Remi-André Svindland

Personal information
- Date of birth: 29 October 1997 (age 28)
- Place of birth: Elverum, Norway
- Height: 1.78 m (5 ft 10 in)
- Position: Central midfielder

Team information
- Current team: Bryne
- Number: 6

Youth career
- Elverum

Senior career*
- Years: Team / Apps / (Gls)
- 2013–2018: Elverum / 78 / (11)
- 2018–2020: Moss / 48 / (2)
- 2020–2025: KFUM / 133 / (13)
- 2025–: Bryne / 2 / (0)

= Remi-André Svindland =

Norwegian footballer (born 1997)

Remi-André Svindland (born 29 October 1997) is a Norwegian footballer who plays as a midfielder for Bryne FK.

==Career==
Born and raised in Elverum, he started playing youth football in Elverum IL, where he made his senior debut in the 2013 1. divisjon.
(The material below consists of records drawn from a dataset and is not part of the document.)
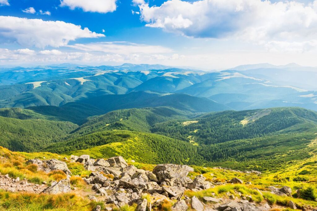 Visitors can explore hiking trails, forest paths, and viewpoints overlooking valleys and mountains.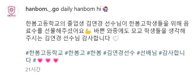 지난 22일 김연경 선수가 졸업한 한봄고등학교 공식 SNS에는 음료수 사진이 게재됐다. 학교 측은 “한봄고등학교 졸업생 김연경 선수가 학생들을 위해 음료수를 선물해줬다”며 “바쁜 와중에도 모교 학생들을 생각해 주시는 김연경 선수 감사하다”는 글을 남겼다.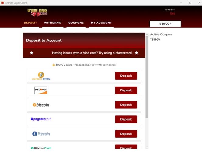 Grande Vegas 赌场由 Real Time Gaming and Spinlogic Gaming提供支持,为全球玩家提供数十款游戏。您可以通过可下载的软件或支持即时游戏的网络平台访问该赌场。

Following Elverum's relegation, they returned to the second tier in 2017. The following season, he moved to Moss FK, having also been considered by Fredrikstad FK.
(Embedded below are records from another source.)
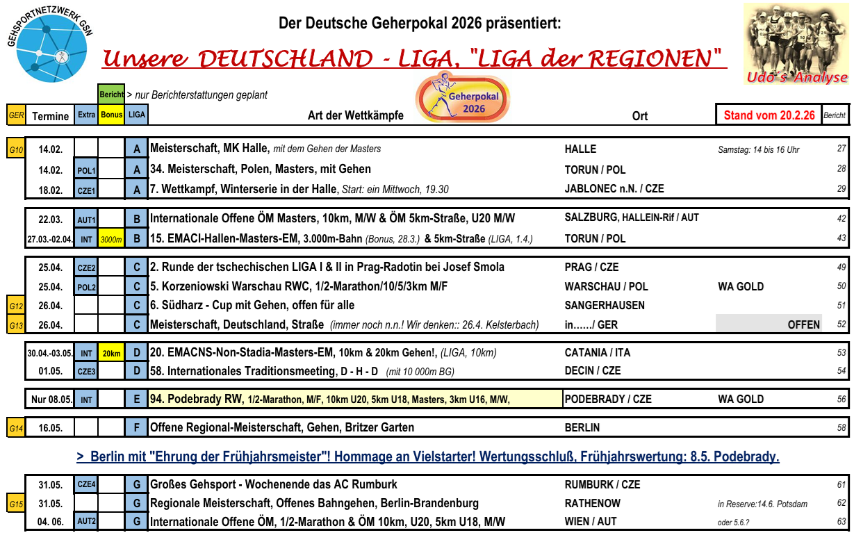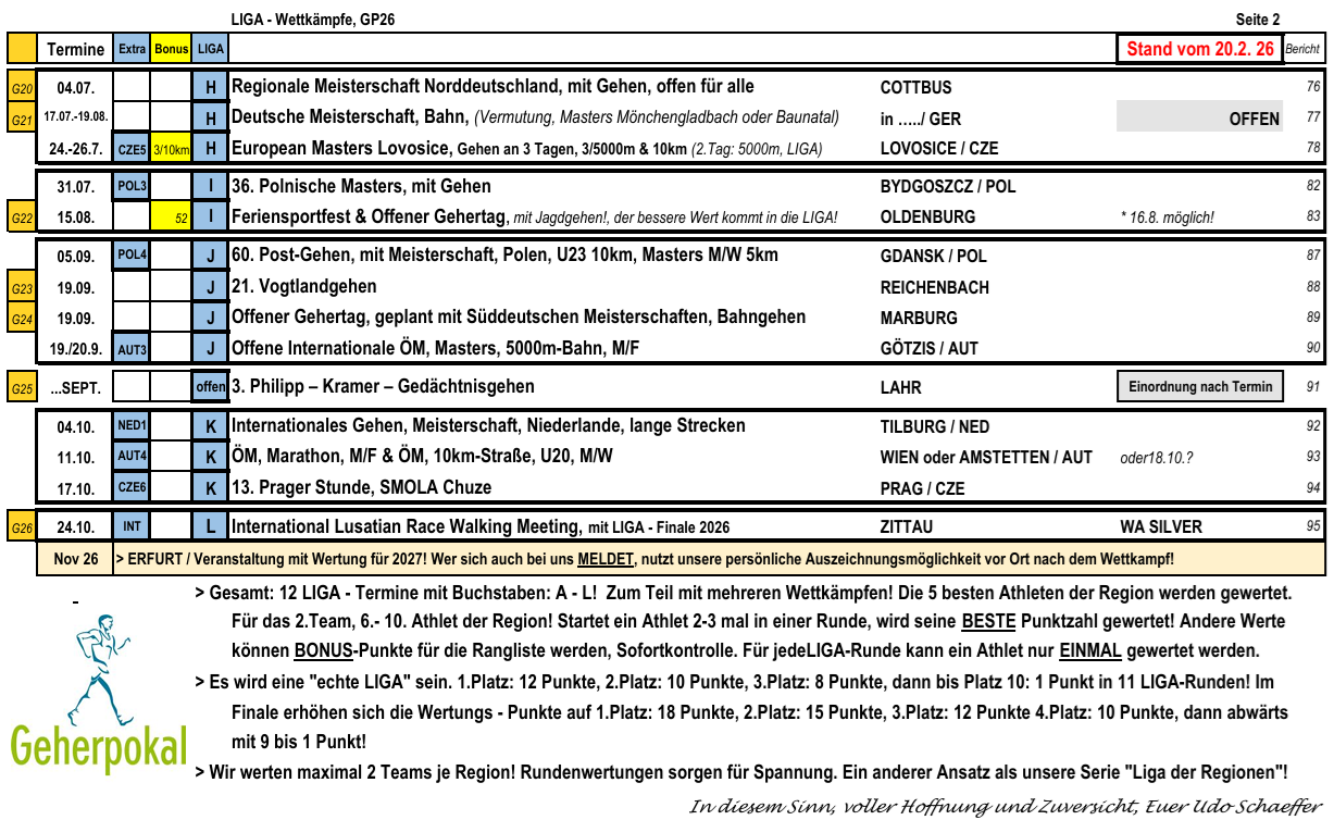21Feb. 2026 Planung, GP26: DIE LIGA Udo Schaeffer ⋅ Schreibe einen Kommentar * Obwohl immer noch nicht alle Wettkämpfe in Deutschland festgezurrt sind, schade, haben wir eine Möglichkeit gefunden, wie wir nun in dieser Saison verfahren werden (unabhängig, wo was noch wie stattfindet). Zuerst stellen wir unsere LIGA 2026 vor. Kategorie Aktuell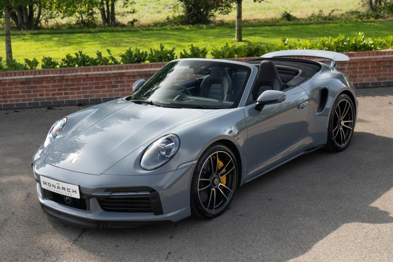 We're proud to offer this 2023/73 Porsche 911 Turbo S Cabriolet finished in Arctic Grey with Black Leather interior. This tastefully specced example benefits from a frontend coverage of Xpel Paint Protection Film (PPF). A full options list of this vehicle follows below which includes Burmester Premium Audi, Porsche Dynamic Light System Plus (PDLS+) and adaptive cruise control.Arctic Grey - Special Paint (£2,207 option)Black Extended Leather interior20/21-inch Turbo S wheelsPorsche Ceramic Composite Brakes (PCCB)Burmester Premium AudioMatrix LED headlights with Porsche Dynamic Lights System Plus (PDLS+)Exclusive Design taillightsCarbon fibre interior packagePark Assist including Surround ViewHeated front Adaptive Sports Seats Plus, electrical 18-way with memory packageHeated GT sports steering wheel in leatherPorsche Design ClockElectric folding door mirrorsPorsche crest embossed to centre consolePorsche crest embossed to head restsAdaptive Cruise ControlLane AssistanceSilver Porsche + Turbo S emblemsSilver exhaust tail pipes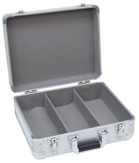 Atraktivní robustní aluminiový kufr na 90 CD stříbrný. Možnost univerzálního použití na mikrofony, kabely, nářadí, osobní věci, drobnosti apod. Dva postranní uzamykatelné zámky, výklopné madlo pro přenášení, zakulacené ochranné rohy. Uvnitř rozdělený vyjímatelnými přepážkami na tři části. Velmi kvalitní provedení. Vnitřní rozměr: 400 x 320 x 150 mm.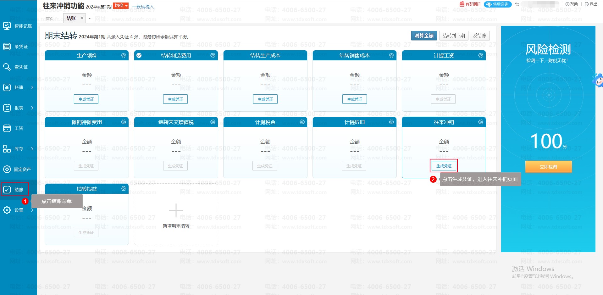 点击【结账】菜单,找到往来冲销卡片,点击【生成凭证】,进入往来冲销页面;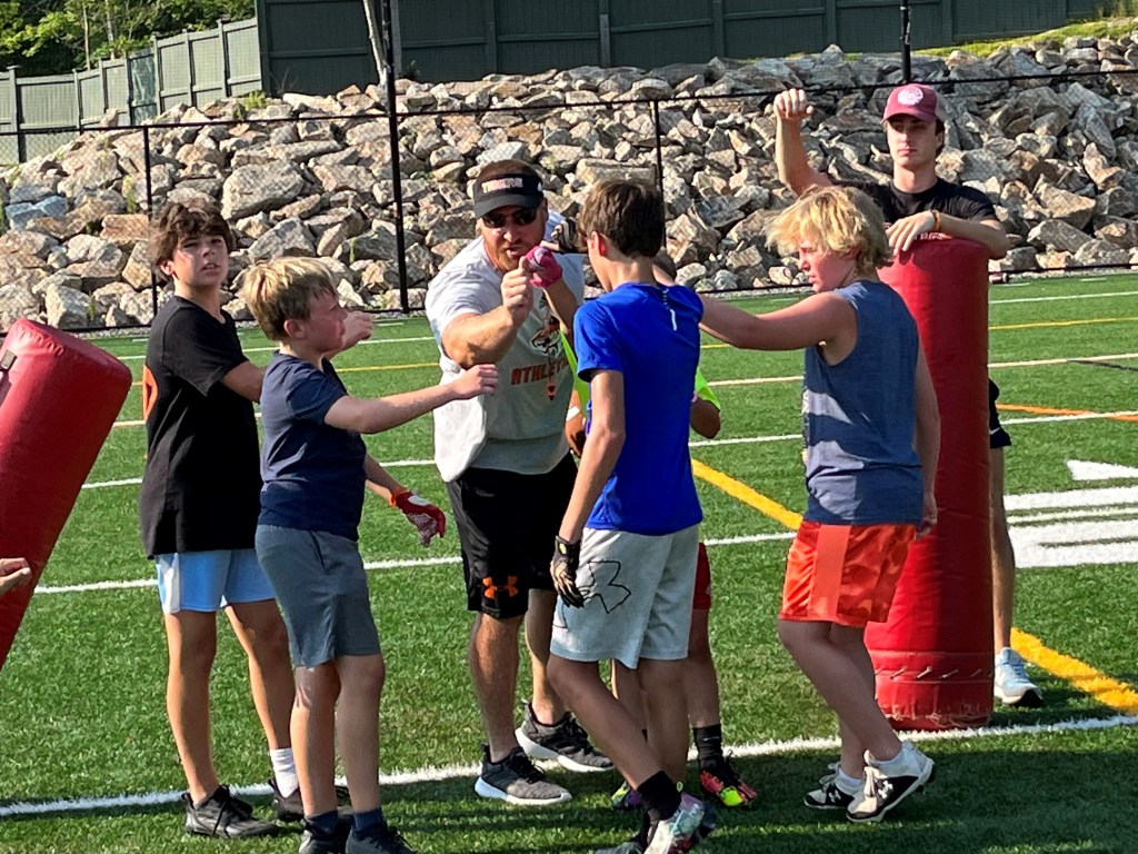 From 4:30 p.m.-7:30 p.m. this past Monday to Wednesday, the young athletes (elementary to middle school kids) honed their quarterback skills, learned the nuances of playing wide receiver, and received instruction on blocking and tackling, under the direction of Greenwich Country Day School head varsity football coach Kevin Avery, Tigers assistant coaches, current GCDS varsity football players and of course, the camp’s special visitor, former NFL player Matt Simms.

In 2020 he moved on to KFUM. He achieved a special mention in the club history when he scored the goal that secured KFUM's promotion to the 2024 Eliteserien, the club's first-ever appearance on that level. He made his Eliteserien debut in April 2024 against Hamkam.

In 2025 he left KFUM for another newly promoted Eliteserien team, Bryne FK. Already in his second training, he suffered an injury. As a result, he did not play a single competitive match in 2025. When he played a full match in 2026, it was 532 minutes since last time.